Problem: Samsung Data Migration doesn't show any drives to select

Background: I recently Purchased a Samsung 860 EVO 1 TB SSD. I hooked it up directly to motherboard via SATA Connector. I downloaded Samsung Data Migration and Samsung Magician. The SSD  shows up on samsung magician but not in the data migration app. It is initialized and still won't show up.

Has anyone ever encountered this problem? Anything you guys recommend I do?


----------



## LFaWolf (Jul 3, 2020)

I have used Samsung Data Migration in the past and have never had an issue. Did you already create the partition and format the new SSD? If not, go to Computer Management -> Disk Management, create a new simple volume on the drive, perform a quick format.


----------



## jsnmota220 (Jul 3, 2020)

Yes I have.  Some more background. Yesterday I was able to copy the drive to the ssd. I left came back and it was finished. But i was not able to set it as the boot drive for some reason. My cousin who works in IT tried everything to set it as the boot drive but it would not work. So I deleted everything off drive and tried it again. This is where I came across the problem of not being able to select anything on Samsung Data migration. I went to best buy today and got a new ssd and same thing. Cant select the drive on samsung data migration. I was able to create a simple volume though.

This is on samsung magician. Maybe it can help


----------



## LFaWolf (Jul 3, 2020)

I don't know if this would help, but go into the the computer BIOS or UEFI, and see if the SATA port is configured to using AHCI (not Raid), and see if the hot swap option is on and if it is on, turn it off.
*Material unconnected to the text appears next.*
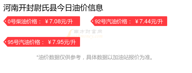 12月2日河南开封尉氏县汽油、柴油每升的价格是11月7日调整后的价格:92号汽油为7.44元,下降了0.12元,下降幅达1.59%;95号汽油为7.95元,下降了0.13元,下降幅达1.61%;0号柴油为7.08元,下降了0.12元,下降幅达1.67%。

If you look at the second image, it shows in Magician that the Volume is not found. The software is not able to see the volume. Something is wrong there. Did you format the drive?


----------



## MgBane (Nov 27, 2020)

I have that exact problem and cant find a way to correct it. I though have a Samsung m.2 nvme 970 as ssd and i was able to clone it once but it was not booting up in ssd theni tried to do it again but it start showing that message and now its not letting me do it


----------